Frost's pharmaceutical company said in a statement that the SEC did not notify them of their plan to file suit and claimed the complaint contained "serious factual inaccuracies."

"Had the SEC followed its own standard procedures, OPKO and Dr. Frost would gladly have provided information that would have answered a number of the SEC's apparent questions, and filing of this lawsuit against them could have been avoided," the company said. "OPKO and Dr.

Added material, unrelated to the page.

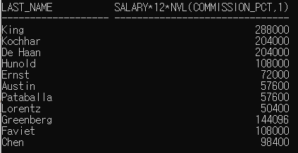 - commission_pct,1 : commission_pct가 null이 있으면 1로 대체
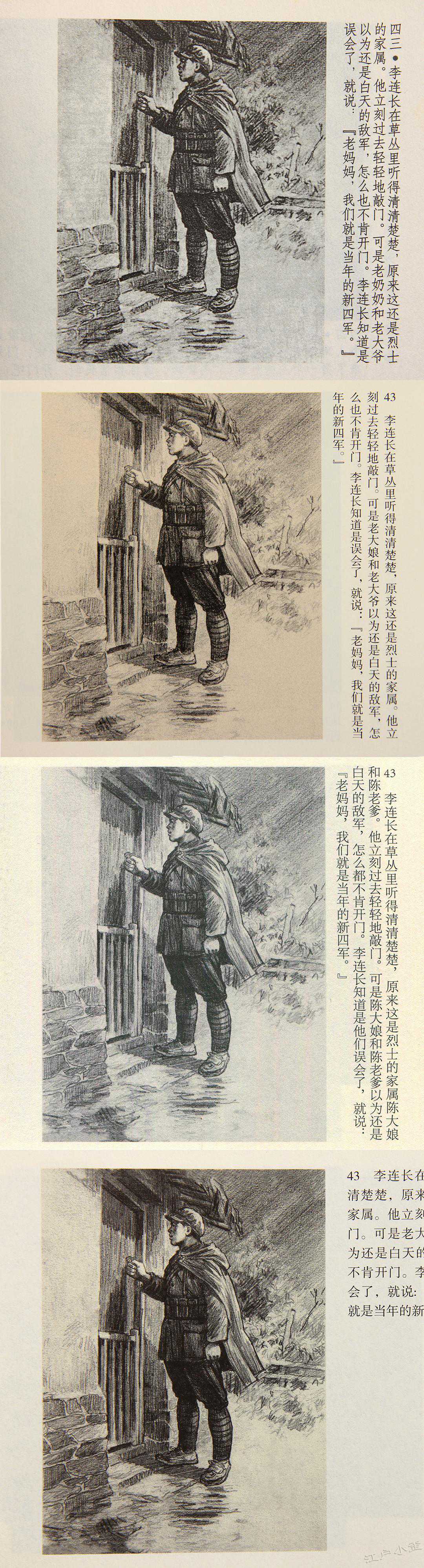 单说老版,就有1955年的上美初版、1956年外文版、1962的人美花边版、1977年上美版(77版将55初版画面做了微小修改,即军帽添上五角星,军装领口添领章,故而渡江被简单划分为55版和77版)。

Frost have always prided themselves on adhering to the highest standards of financial disclosure, and they are confident that once a proper investigation is completed and the facts of the case have been fully disclosed, the matter will be resolved favorably for them."

The scheme was allegedly led by South Florida businessman Barry Honig, one of the largest shareholders in Riot Blockchain Inc., a cryptocurrency company that saw its stock dovetail by 24.3 percent after the news broke. Riot Blockchain, in which Honig is heavily invested, was subpoenaed in April as part of a formal SEC investigation, CNBC reported earlier this year.

"Honig was the primary strategist, calling upon other Defendants to buy or sell stock, arrange for the issuance of shares, negotiate transactions, or engage in promotional activity," the SEC complaint said.

Honig, who allegedly made more than $3.4 million via the scheme, could not be reached for comment.